Sorry for the super long response but you've raise a bunch of interesting
points that we wanted to address :)
The problem here is that it would actually be quite useful to my
> application if all of those <category-item> elements lived in the Light
> DOM. I could bind events to individual categories or highlight one based on
> pushState URL changes, etc
To answer this question, it’s helpful to ask yourself, “Who owns this set
of elements?”
Scenario 1: The category-list owns the category-items
If the category-item elements are owned entirely by the category-list
element, then you probably want to add these event bindings inside of
category-list. In this scenario, it’s really the model of category-list
that is driving the creation, removal, and manipulation of the
category-item elements. If you need to add a new category-item, you call a
method on category-list, pass in some data, and the model stamps out the
templates again.
ex:
var catList = document.querySelector(‘category-list’);
catList.add(dataItem); // this generates a new category-item by updating
catList’s model
Because category-list owns all of the category-items, it handles the
responsibility of highlighting a category-item based on pushState URL
changes.
Scenario 2: An outsider owns the category-items
This sounds closer to what you’re thinking. You’d like category-items to be
readily accessible for outside forces to act upon. This means the real
owner of category-list/items is some parent element. If this is the case,
then that outside element should be creating and manipulating new
category-items, not the category-list itself. It will be the job of this
parent element to watch for pushState changes and highlight the correct
category-item.
So you can still use Polymer’s template bindings to manipulate your
category-items, you just wouldn’t do it from *inside* category-list, you’ll
have to do it from the outside. Which leads to the next question...

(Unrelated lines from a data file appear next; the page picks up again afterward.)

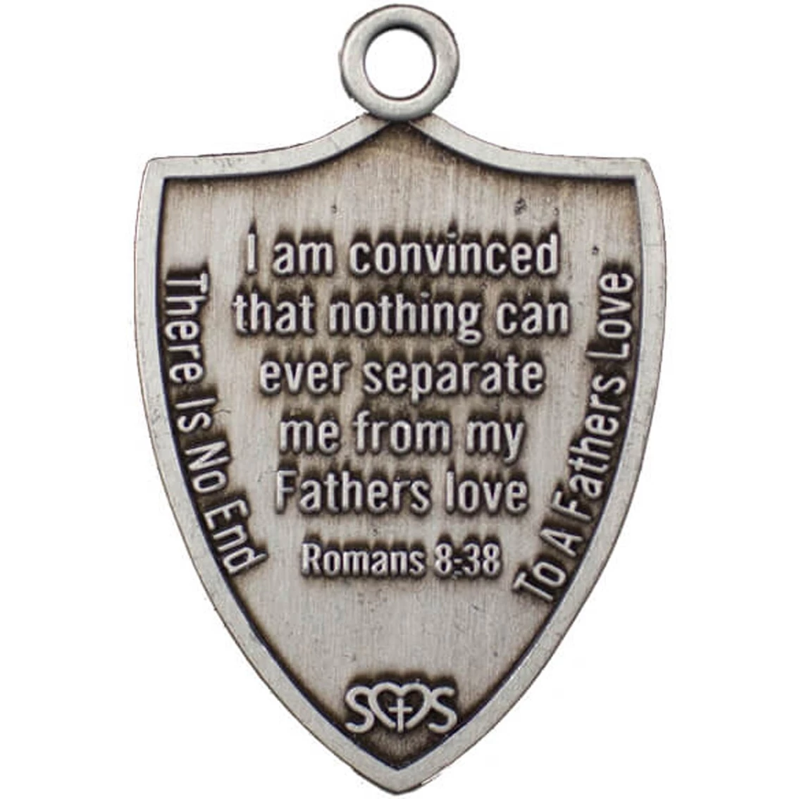 The Shield of Strength T.I.N.E.T.A.F.L. (There Is No End To A Fathers Love) Antique Finish Christian Shield Pendant features the engraved verse of Romans 8:38, on one side “I am convinced that nothing can ever separate me from my Fathers love.” – Romans 8:38 and the T.I.N.E.T.A.F.L. on the other side. Style: 30214.
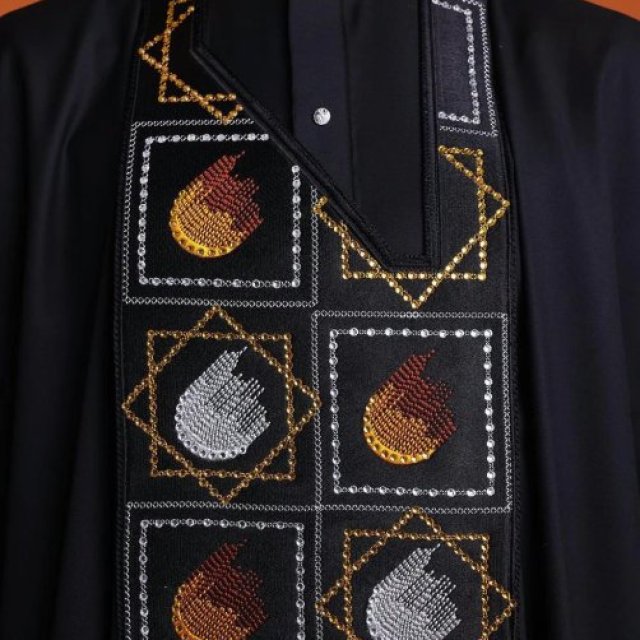 We’re talking top-tier fabric here. Jet black, obviously. None of that ashy, faded nonsense. This stuff looks expensive, feels expensive, actually is expensive—not just one of those “looks can be deceiving” moments. The embroidery? Yeah, it’s not some boring machine stitch—real people, real skills, hands-on-deck type of detail. Stitches so clean your aunties will inspect them up close and still nod in approval.
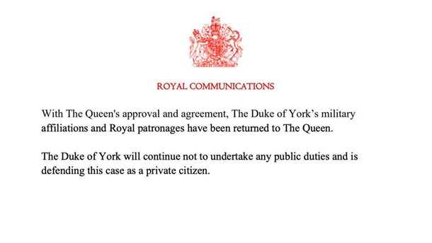 Официальное заявление Букингемского дворца гласит, что принц Эндрю лишается всех своих придворных обязанностей и в дальнейшем будет защищать себя в суде как частное лицо.

I feel like the natural end of a "do it in the Shadow DOM" philosophy is my
> page is just going to end up looking like this:
> <body>
> <my-app></my-app>
> </body>
Yes, that would be the end result of trying to use Polymer’s features to
bind all of the elements in your application together. While a <my-app>
element might look a little weird—because it’s very different from how we
typically build web apps—it’s not altogether a bad thing. When you view
source you will only see <my-app> but if you open the dev tools you should
be able to inspect the entire application. It might seem scary to put
things in the Shadow DOM because you think they’re “hidden,” but perhaps a
better way to think of Shadow DOM is not that things are hidden, but that
they are *“local.”* So if you open <my-app> in the dev tools you’ll see the
things that are local to my-app. That might be a few large pieces of your
application. And if you open any one of those pieces, you’ll see the things
that are local to it. That actually sounds quite reasonable to me.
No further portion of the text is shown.